REQUIREMENT:
Your task is to copy the listing exactly. Drop any pictures from the copy.

DATASET CONTENT:
..............................
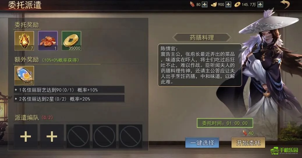 主公点击任意委托即可打开委托详情页面,能直观看到委托奖励、委托条件、派遣时长、派遣消耗等信息。委托奖励的获取方式是,主公派遣指定数量的佳丽并完成任务后就能得到。额外奖励则是完成委托后有较低概率获得,要是达成委托条件,还能提高获取额外奖励的概率。
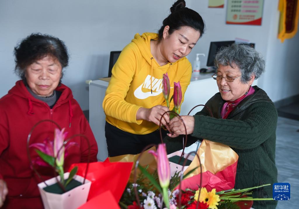 3月7日,在浙江省嘉興市南湖區南湖街道桂苑社區,居民們參加婦女節“插花課堂”活動(dòng)。
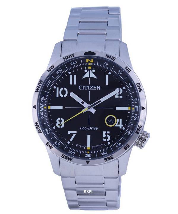 Reloj Citizen Aviator Eco-Drive de acero inoxidable con esfera negra BM7550-87E 100M para hombre
..............................
EXERCISE SOLUTION:
 主公点击任意委托即可打开委托详情页面,能直观看到委托奖励、委托条件、派遣时长、派遣消耗等信息。委托奖励的获取方式是,主公派遣指定数量的佳丽并完成任务后就能得到。额外奖励则是完成委托后有较低概率获得,要是达成委托条件,还能提高获取额外奖励的概率。
 3月7日,在浙江省嘉興市南湖區南湖街道桂苑社區,居民們參加婦女節“插花課堂”活動(dòng)。
 Reloj Citizen Aviator Eco-Drive de acero inoxidable con esfera negra BM7550-87E 100M para hombre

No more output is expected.